Universities and accelerators play a critical role in shaping the direction of a startup here. Candice Middleton, Innovation and Entrepreneurship Manager at Imperial SuperConnector, says:

“We see some of the most innovative research at its earliest stages — our ethos is centred on the researcher themselves: helping them build their story and understand their market. This is the most effective way we can help them turn deep research into an impactful venture.”

What both investors and grant assessors respond to at this stage is not just the science itself, but the clarity of the story around it. Founders who can explain why their research matters, who it helps, and why now is the time to act are far more likely to cut through. Chris Ellis, Scaleup Director at Innovate UK Business Growth, adds:

“Switching from academic writing to a more story-led narrative can feel counterintuitive for researchers. But building a narrative that focuses on commerciality and economic potential, rather than the science alone, is crucial to crafting a strong grant application.”

Funding routes to target

  • SEIS-eligible angel funding — de-risks early believers with 50% tax relief
  • Research & innovation accelerators — from universities such as Imperial SuperConnector and SETSquared, or commercial accelerators like STAC
  • Innovation grants and readiness programmesInnovate UK iCURE,  Innovate UK grants or sector specific calls

Stage 1 checklist

  • Problem statement with evidence of its scale potential, crafted into a solid narrative
  • Clear tech roadmap (from lab to pilot prototype)
  • Company formation and SEIS advance assurance secured
  • Basic IP ownership clarified

Stage 2 — MVP to MLP: proving people care

An MVP shows your research can become a product. An MLP — “minimum lovable product” — shows people actually care about it.

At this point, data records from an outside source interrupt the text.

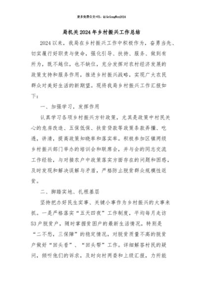 / 【七哥公文】2024年:局机关2024年乡村振兴工作总结+更多免费公文+VX:QiGeGongWen2024
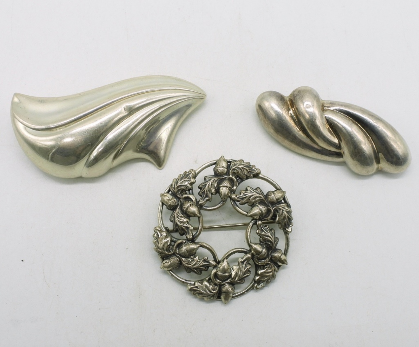 Three sterling vintage brooches. 1.5 – 2.5 inches. (21.7 dwt)
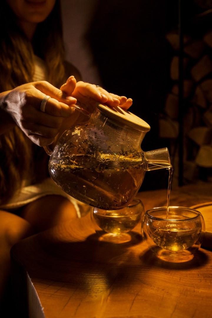 Травяной фирменный чай, домашнее варенье, башкирский мед, сушки
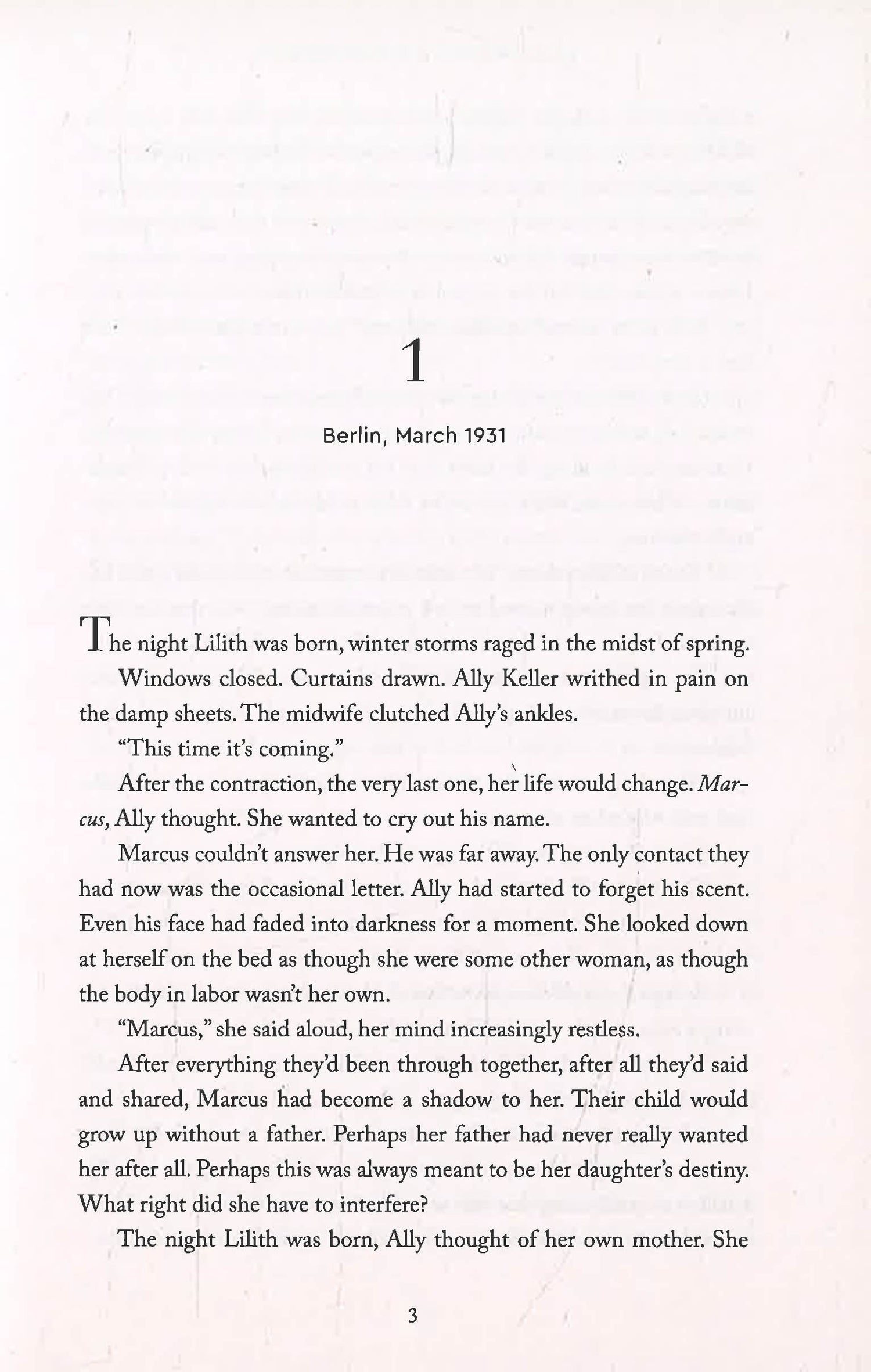 Berlin, 1931: Ally Keller, a talented young poet, is alone and scared when she gives birth to a mixed-race daughter she names Lilith. As the Nazis rise to power, Ally knows she must keep her baby in the shadows to protect her against Hitler’s deadly ideology of Aryan purity. But as she grows, it becomes more and more difficult to keep Lilith hidden so Ally sets in motion a dangerous and desperate plan to send her daughter across the ocean to safety.
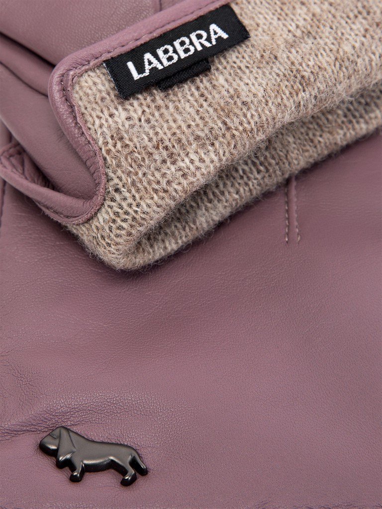 Перчатки торговой марки LABBRA из натуральной кожи ягненка. Производитель Китай. Подкладка: 70% шерсть, 30% акрил. Отделка - машинная строчка "три луча", фирменная фурнитура в виде собачки. Длина манжеты от нижней точки большого пальца до края перчаток - 6 см. Длина пальцев - средняя.
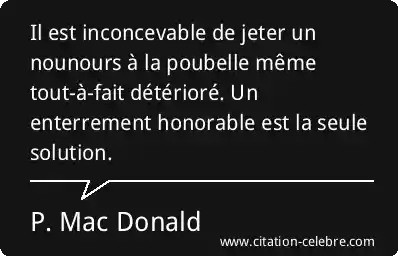 Il est inconcevable de jeter un nounours à la poubelle même tout-à-fait détérioré. Un enterrement honorable est la seule solution.
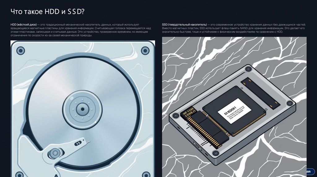 На изображении выше показаны внутренние компоненты HDD и SSD. Слева — HDD с его механическими частями: вращающимися пластинами и считывающей головкой. Справа — SSD с электронными компонентами: микросхемами флеш-памяти и контроллером, демонстрирующими отсутствие
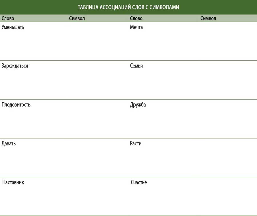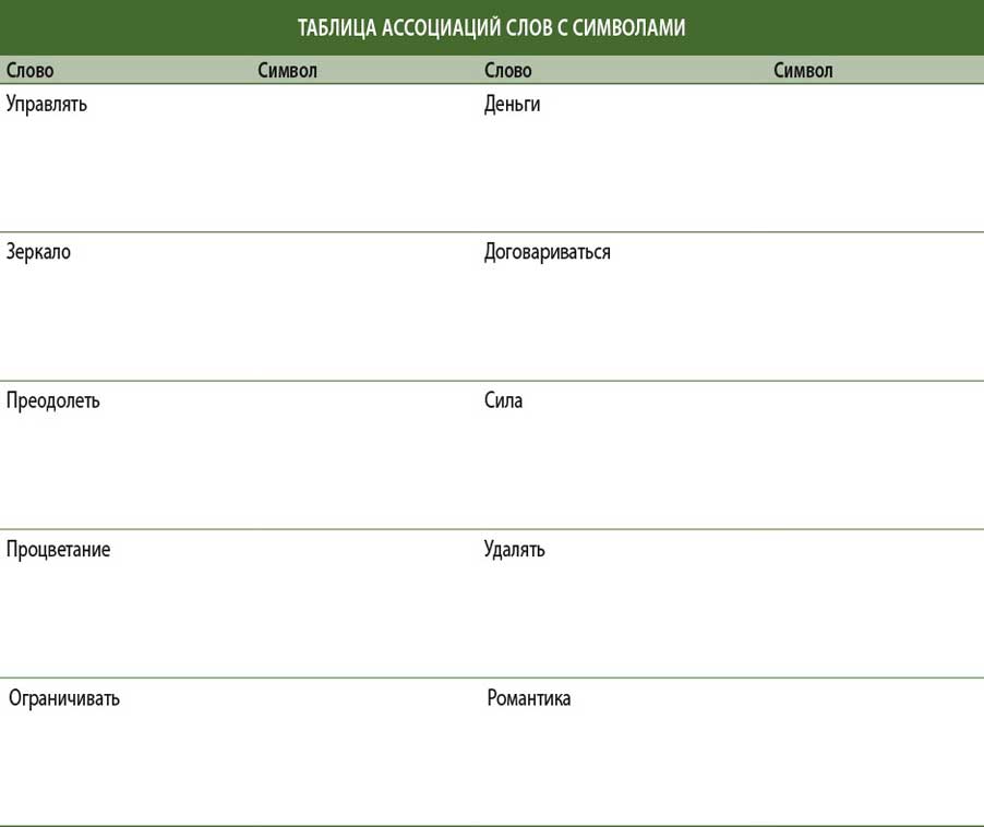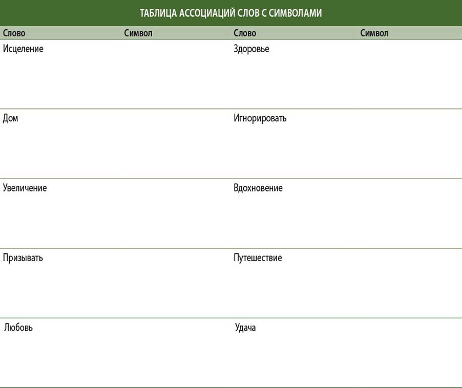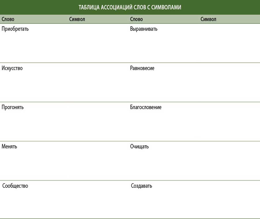Не стесняйтесь добавлять в список другие слова или искать синонимы, если они больше откликаются внутри вас. Можете составить список соответствий слов и символов, которым будете пользоваться в дальнейшем в ходе практик. Просто убедитесь, что он вам подходит и совпадает с личными ассоциациями. Со временем для вас станет естественным в уме проводить ассоциации между словами и символами.
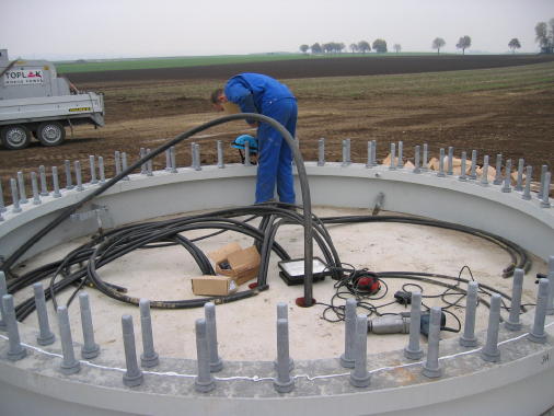 Die Verkabelung und die Bolzen für die Befestigung des ersten Turmsegmentes warten schon auf Ihren Einsatz.

For deeptech, this often means pilots, research partnerships, or early adopters willing to integrate and test your technology. The goal isn’t mass adoption yet, but evidence of resonance:

  • Active pilot users or industrial partners
  • Qualitative feedback (“this would transform our process”)
  • Early traction in a research-to-market community
  • Data that validates performance, safety, or efficiency

Funding routes to target

  • Sector angels and syndicates — often academics turned operators, who “get” the science, like Cambridge Angels and Oxbridge Angels
  • Specialist pre-seed/seed funds — such as SCVC, or AI Seed Fund
  • Matched innovation grants — Innovate UK and UKRI programmes that require equity alongside public money

This is where grants become a cornerstone. But, as Chris Ellis points out, they come with strings.

Ellis explains: “Winning a grant is brilliant — but founders sometimes underestimate what comes next. Most Innovate UK grants require a 70–30 or 60–40 contribution, which means you still have to find the missing money to unlock the award. And because funds are drawn down retrospectively, you need the cashflow to deliver milestones before reimbursement. Grants can be game-changing, but only if you go in clear-eyed about the match funding and the discipline they demand.”

Avoiding wasted cycles

Too many deeptech founders fall into one of two traps:

  • Chasing VCs too soon — approaching institutional money before traction exists, leading to wasted time and credibility risk
  • Underestimating grants — winning one, but lacking the ability to match the grant or the cashflow to execute, stalling progress

The best founders:

  • Use grants plus early angel equity to reach MVP and MLP — be raising whilst applying
  • Frame their story as clearly as their science - both Middleton and Ellis highlight this
  • Build trust with potential VCs early, but don’t pitch until they can show proof of adoption

Takeaway for deeptech founders

If you’re a spinout or researcher founder, your next raise isn’t about blitzscaling. It’s about proving — in sequence — that you can build, and that someone cares.

Actionable step: Before you reach out to any potential investor, ask: what am I proving in the next 12 months — and who is best placed to back that proof?

Focus on the funding sources designed for early deeptech: SEIS angels, university accelerators, and grants. Treat VC as a future partner — not your first port of call.